- Born: Génesis Camilla Suero Barahona, Dominican Republic
- Occupations: Television personality, real estate agent
- Height: 5 ft 9 in (175 cm)
- Beauty pageant titleholder
- Title: Miss New York USA 2018
- Hair color: Brown
- Eye color: Brown

= Génesis Suero =

Dominican-American television personality, beauty pageant titleholder, and real estate agent

Génesis Camilla Suero is a Dominican-American television personality, real estate agent, and beauty pageant titleholder. She won the Miss New York USA title in 2018 and represented New York at Miss USA 2018. In 2019, she represented Barahona at Miss República Dominicana 2019. In 2021, she competed on Univision's reality television competition Nuestra Belleza Latina, where she finished as the third finalist. She later worked as a television journalist for Telemundo and appeared as a cast member of the Netflix reality series Owning Manhattan.

==Early life and education==

Suero was born in Barahona, Dominican Republic. She emigrated to the United States with her father at the age of 13. She studied business and journalism and has worked in real estate."Génesis Suero, República Dominicana" (2021)

==Pageantry==

Suero won the Miss New York USA title in 2018, defeating 132 contestants at the state competition in Purchase, New York. She subsequently represented New York at Miss USA 2018.

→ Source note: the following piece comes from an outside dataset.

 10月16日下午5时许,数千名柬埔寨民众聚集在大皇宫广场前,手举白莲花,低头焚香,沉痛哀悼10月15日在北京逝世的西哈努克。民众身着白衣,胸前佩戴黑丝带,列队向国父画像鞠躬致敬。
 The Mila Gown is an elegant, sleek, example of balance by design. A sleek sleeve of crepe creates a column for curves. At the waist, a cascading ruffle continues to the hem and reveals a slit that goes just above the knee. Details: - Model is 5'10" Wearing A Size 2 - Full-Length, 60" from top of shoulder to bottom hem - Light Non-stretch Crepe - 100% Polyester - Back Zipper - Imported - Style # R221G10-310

In 2019, Suero represented Barahona at Miss República Dominicana 2019. She placed in the Top 10 and received the Best Provincial Costume award.

==Television==

In 2021, Suero competed in the twelfth season of Nuestra Belleza Latina, a reality television competition broadcast by Univision. She was one of the season's 10 finalists.

Suero finished as the third finalist of the competition, with the result determined by the public vote.

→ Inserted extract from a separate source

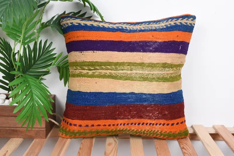 Almohada de tiro de rayas azules y rojas, cojín vintage bordado

Suero subsequently worked as a television reporter for Telemundo on En Casa con Telemundo. In 2023, she competed as a contestant on the second season of Top Chef VIP.

Suero later appeared as a cast member on the Netflix reality series Owning Manhattan. Netflix's Tudum described her as a Dominican Republic-born realtor and television personality, a 2018 Miss New York USA winner, and a member of the Lundgren Team at SERHANT.

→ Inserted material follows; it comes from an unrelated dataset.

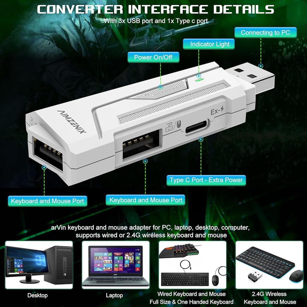 🖥 تم تصميم محولات لوحة المفاتيح ومحولات الماوس فقط للكمبيوتر الشخصي】 ARVIN لوحة مفاتيح ومحول الماوس للكمبيوتر الشخصي ، مما يوفر لاعبي الكمبيوتر الشخصي تحكمًا دقيقًا وتجربة ألعاب محسّنة. تدعم لوحة المفاتيح والماوس ADAPTE للكمبيوتر الشخصي ، الكمبيوتر المحمول ، سطح المكتب ، الكمبيوتر ، لوحة المفاتيح والماوس اللاسلكية السلكية أو 2.4G. [❌ ليس للمسرحيات ، Xbox ، التبديل ، الهاتف المحمول ، الكمبيوتر اللوحي ولوحة مفاتيح البلوتوث والماوس]

Suero returned for the second season of Owning Manhattan, which premiered in December 2025. Netflix's Tudum identified her as a television journalist with Telemundo and described her work as a member of the Lundgren Team in New York City real estate.

==Real estate==

Suero works as a real estate agent in New York City. She is a member of the Lundgren Team at SERHANT., working in the New York City real estate market.